WORK INSTRUCTION
Pictures excluded, set down exactly the lines from the one containing "Designer Sam Sacks" through the final line of the material, and only those.

SUPPLIED DATA
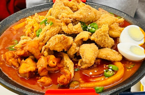 시그니쳐 메뉴인 꼬꼬닭 떡볶이는 매콤한 떡볶이 소스와 찐한 닭육수가 어우러진 깊은 찐 맛을 느낄 수 있습니다.
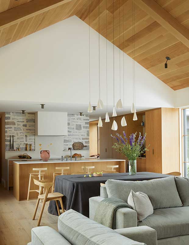 Designer Sam Sacks selected delicate Bocci pendants to hang above the dining table in this newly built country house. The light strikes a modern balance against the Douglas fir-clad ceilings to achieve a balanced contemporary country style.
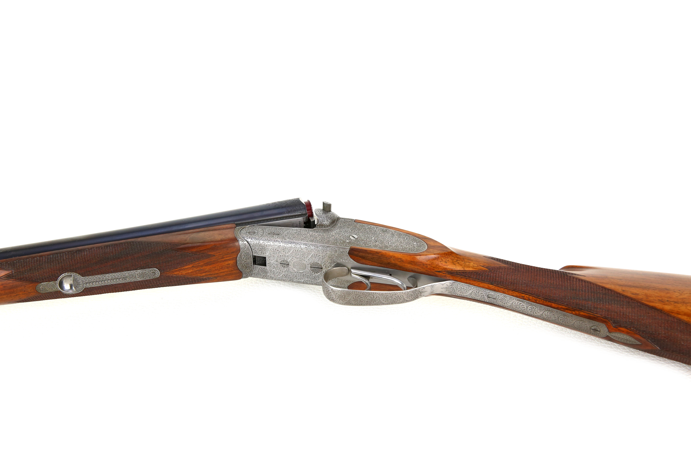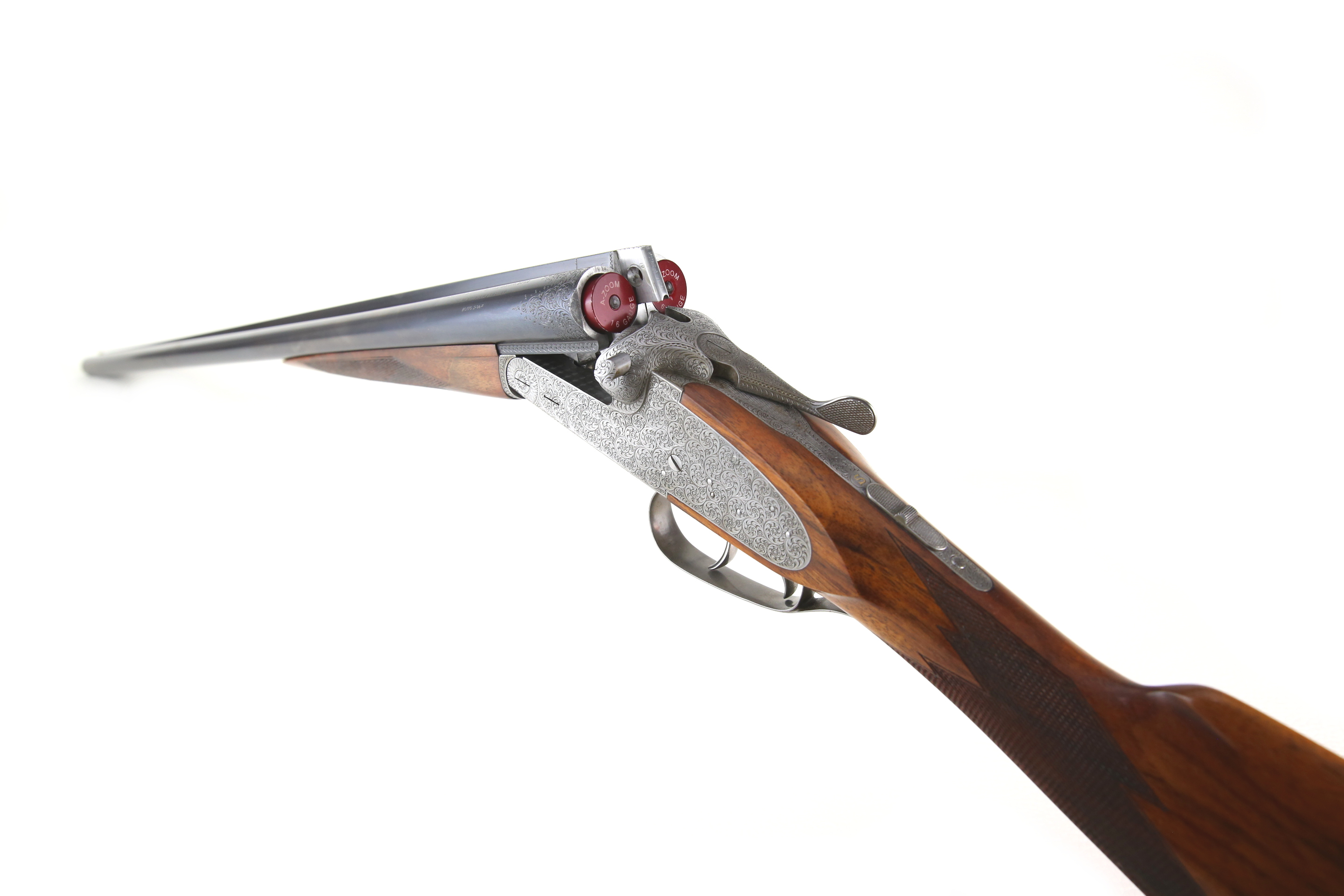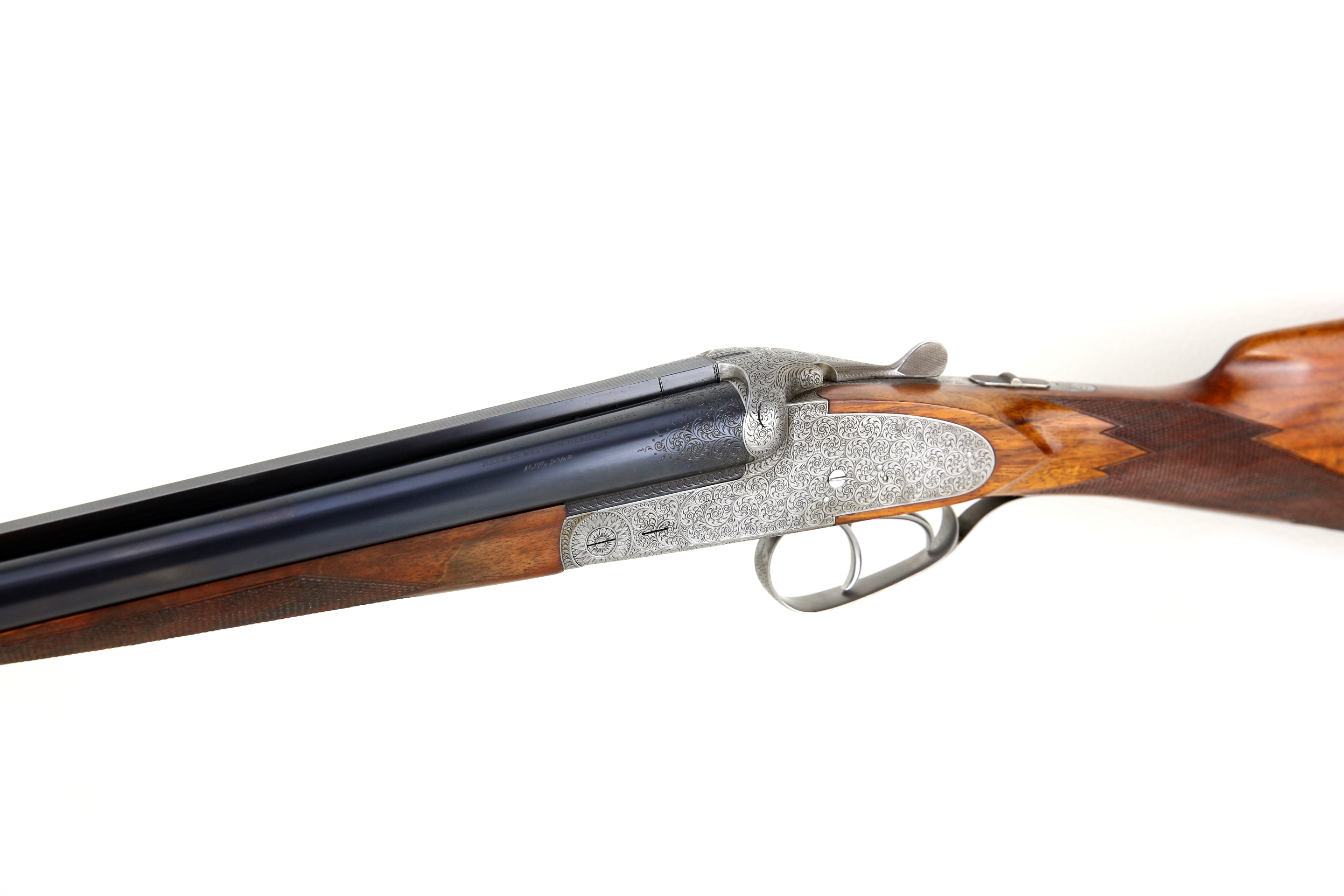 Wunderschönes Sammlerstück in neuwertigem original Zustand! Doppelflinte Sauer & Sohn 16/70 Seitenschloss. Herstellungsjahr: 1968. Aufwändige und feine Gravur von englischen Arabesken über das gesammte System, Seitenplatten, Laufwurzeln und Abzugbügel. Fein feschnittene Fischhaut an Kolbenhals unterseite und Schaftabschluss. Versenkte und gravierte Klapphebelschraube zum einfachen zerlegen der Seitenschlosse. Zustand: neuwertig.

EXERCISE SOLUTION
 Designer Sam Sacks selected delicate Bocci pendants to hang above the dining table in this newly built country house. The light strikes a modern balance against the Douglas fir-clad ceilings to achieve a balanced contemporary country style.
 Wunderschönes Sammlerstück in neuwertigem original Zustand! Doppelflinte Sauer & Sohn 16/70 Seitenschloss. Herstellungsjahr: 1968. Aufwändige und feine Gravur von englischen Arabesken über das gesammte System, Seitenplatten, Laufwurzeln und Abzugbügel. Fein feschnittene Fischhaut an Kolbenhals unterseite und Schaftabschluss. Versenkte und gravierte Klapphebelschraube zum einfachen zerlegen der Seitenschlosse. Zustand: neuwertig.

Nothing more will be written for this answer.